Outstanding institutions and trainees received awards from the Minister of Health and Welfare and the KOHI President. Key outcomes and best practices are as follows:
* Two Minister’s Awards and four KOHI President’s Awards were presented.
Asan Medical Center operated hands-on AI projects utilizing hospital data and developed AI agents* based on Large Language Models (LLMs) and medical foundation models. Through these efforts, the center explored solutions to clinical challenges, such as optimizing clinical protocols and building smart chunking–based RAG** systems. They also showcased projects leveraging diverse datasets, including a medical dictionary–based RAG system.
* AI agent: An AI system capable of understanding a goal, executing necessary tasks, and solving problems autonomously.
** Retrieval-Augmented Generation (RAG): A method in which an AI system supplements its internal knowledge by retrieving information from external documents or databases to generate more accurate outputs.
At Chung-Ang University Gwangmyeong Hospital, 16 teams participated in an AI Prompt-thon*, where multidisciplinary teams jointly identified issues, designed LLM prompts**, and executed the full lifecycle from prompt development to application.

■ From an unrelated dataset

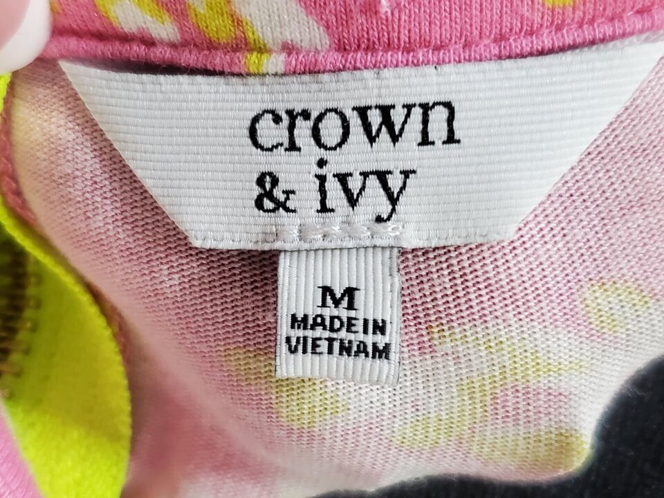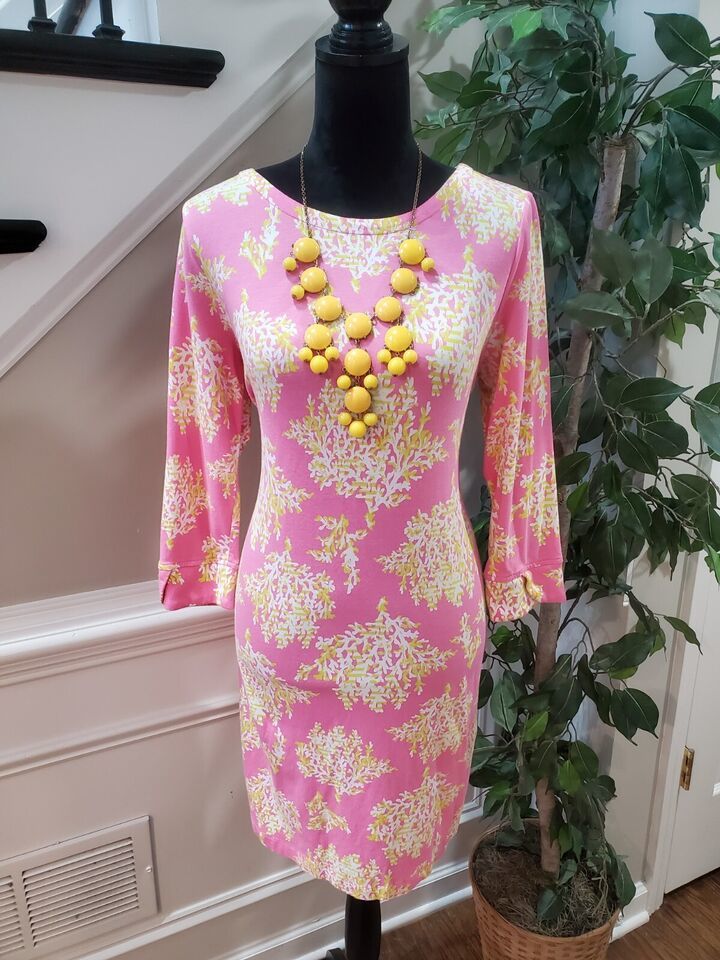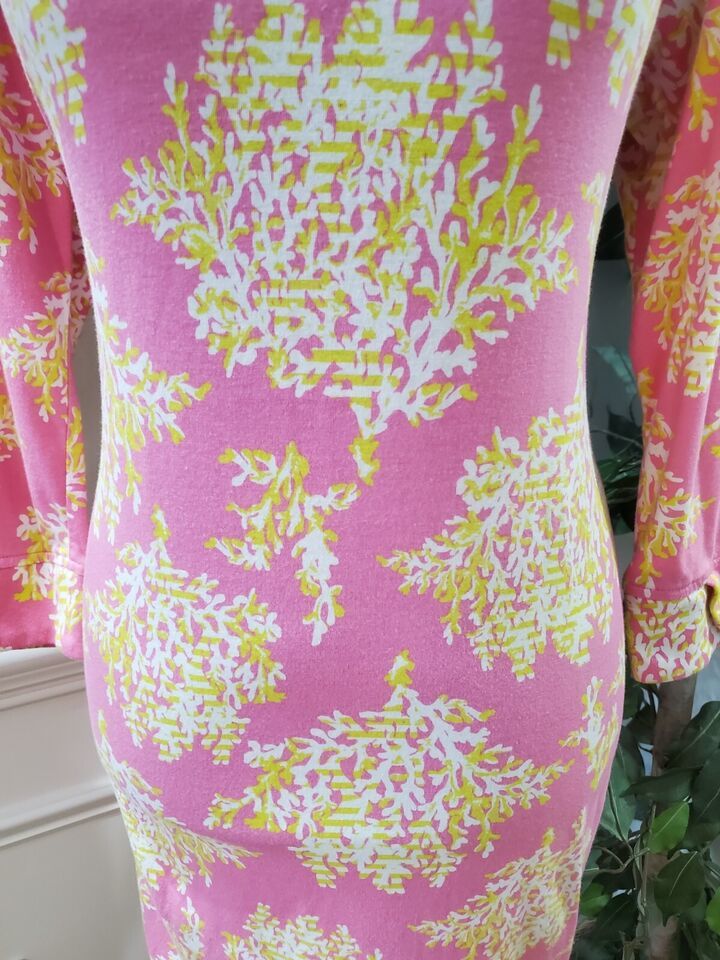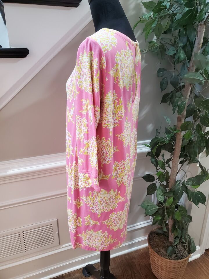 Crown Ivy Women's Pink Cotton Round Neck Long Sleeve Knee Length Dress Size M.

This initiative produced several examples of workflow innovation using data from the Health Insurance Review and Assessment Service (HIRA), including a RAG model for predicting reductions in insurance reimbursements.

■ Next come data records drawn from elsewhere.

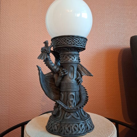 Håndutskjært dragelampe/lampe i orientalsk stil med mange detaljer. Mørkt treverk som blir nydelig når det oljes. Treverket måler 67 cm. Kjøpt i Kashmir på 60-70 tallet, sannsynligvis mye eldre. Et raskt bildesøk på google gir mer informasjon om verdi og mulig historikk. Tatt med til Norge av en FN-soldat med sans for slikt. En skatt som dessverre ikke passer inn i vår stil. Treverket nederst på ene siden har sprukket litt, se bilde. Befinner seg i Tromsø.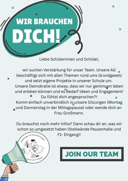 Das Grundgesetz wird im Arbeitskreis „Schule in guter Verfassung“ in den Mittelpunkt gestellt. Anspruch und Wirklichkeit werden jedes Jahr an einem neuen Artikel betrachtet und ihre gesellschaftliche, geschichtliche und politische Bedeutung deutlich gemacht. Die Auseinandersetzung mit den Artikeln findet dynamisch im Fachunterricht, in Arbeitsgemeinschaften, gemeinsam mit externen Kooperationspartnern und an außerschulischen Lernorten statt.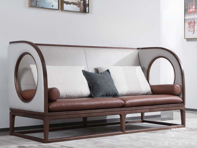 阅界新中式家具新中式客厅北美黑胡桃实木三人位时尚沙发

* Prompt-thon: A compound of “prompt” and “marathon,” referring to a competition where participants develop new ideas and create products or services within a set timeframe using generative AI.
** Prompt: A command or inquiry given to an AI system to direct its actions.
Samsung Medical Center established a model for regional expansion by partnering with local hospitals, such as Kangbuk Samsung Hospital and Changwon Samsung Hospital. Through medical AI practicums and advanced short-term training, the center strengthened the AI competencies of regional medical institutions. Seoul National University Hospital assessed organizational AI readiness and acceptance through pre- and post-training surveys and on-site interviews, proposing policy recommendations and internal strategies to support the adoption of medical AI.
During the panel discussion, implementing institutions, instructors, and trainees discussed key field issues under the theme “Changes Driven by Medical AI Training and Policy Priorities for Improvement.” Topics included bridging AI infrastructure gaps across hospitals, the necessity of standardized training, and strategies for inter-hospital collaboration.
Vice Minister Lee Hyung-hoon stated, “Changes in clinical practice begin with strengthening the capabilities of frontline healthcare professionals. This year, we laid the groundwork for medical AI workforce training and confirmed the need for continued investment. In 2026, we will actively support the digital transformation of hospitals and the wider adoption of medical AI, ensuring that tailored training is provided according to each institution’s size and environment.”
He further emphasized, “We will develop this program into a leading medical AI initiative in which healthcare professionals take the lead in addressing on-site challenges—spanning training, consulting, development, implementation, and advancement.”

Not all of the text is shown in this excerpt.